*** Begin section ***

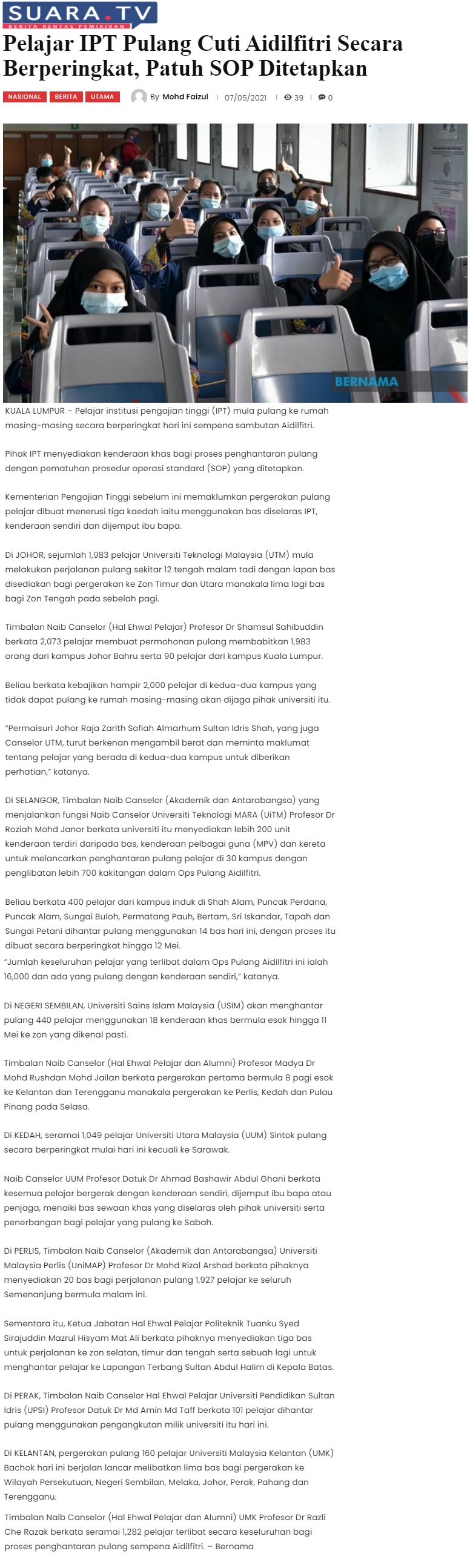 Pelajar IPT Pulang Cuti Aidilfitri Secara Berperingkat, Patuh SOP Ditetapkan
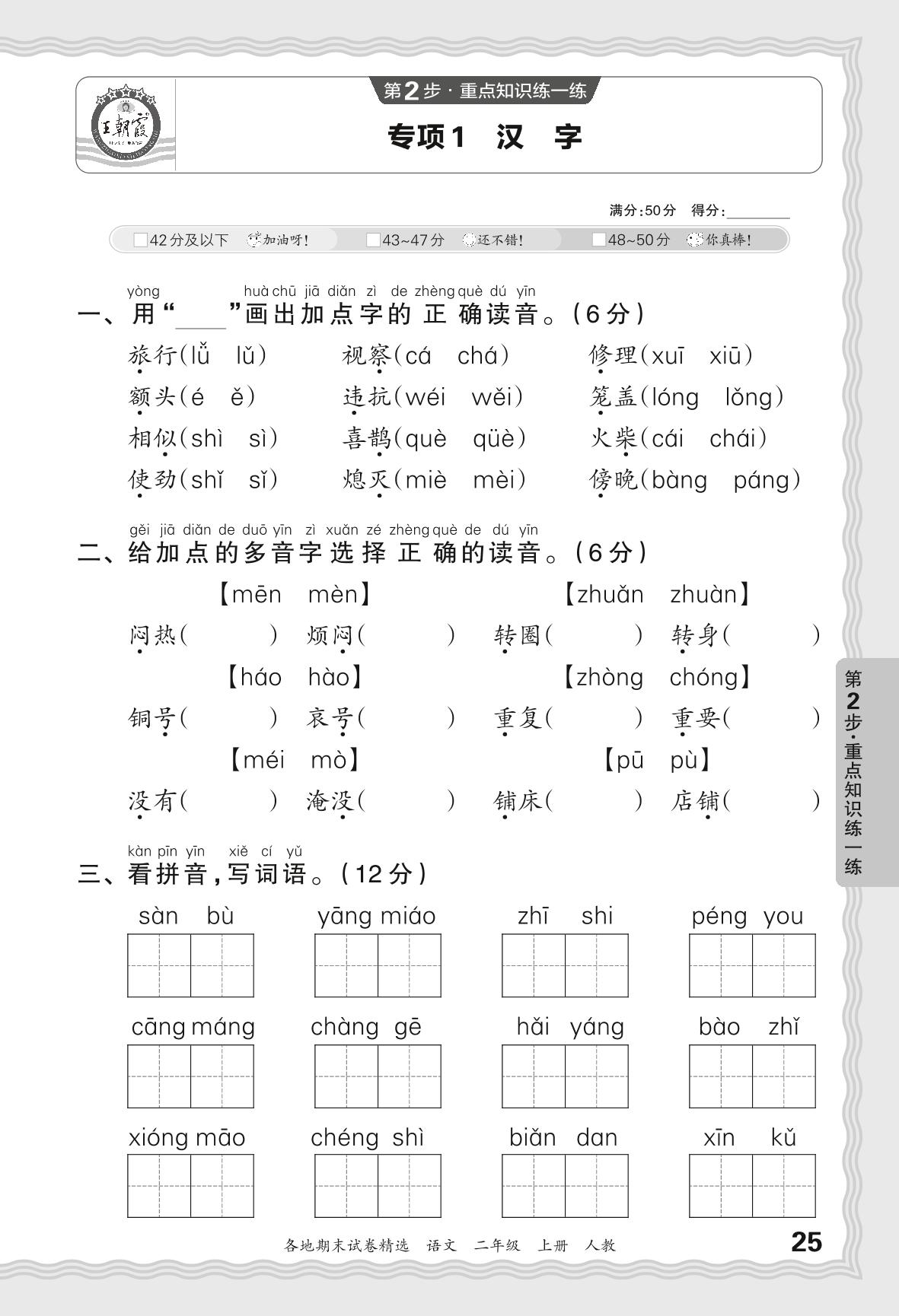 2023秋上册二年级语文人教版 期末专项卷JX版·汉字【1】
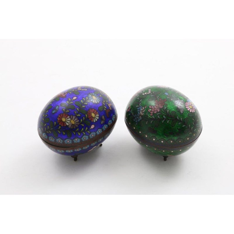 TWO CLOISONNE ENAMEL EGG SHAPE BOXES with a floral design on a green & blue ground respectively on feet; 9 cms (2)

*** End section ***

■ **What you are asked to do**
From start to finish, output the listing exactly, but omit its pictures.

■ **Written solution**
 Pelajar IPT Pulang Cuti Aidilfitri Secara Berperingkat, Patuh SOP Ditetapkan
 2023秋上册二年级语文人教版 期末专项卷JX版·汉字【1】
 TWO CLOISONNE ENAMEL EGG SHAPE BOXES with a floral design on a green & blue ground respectively on feet; 9 cms (2)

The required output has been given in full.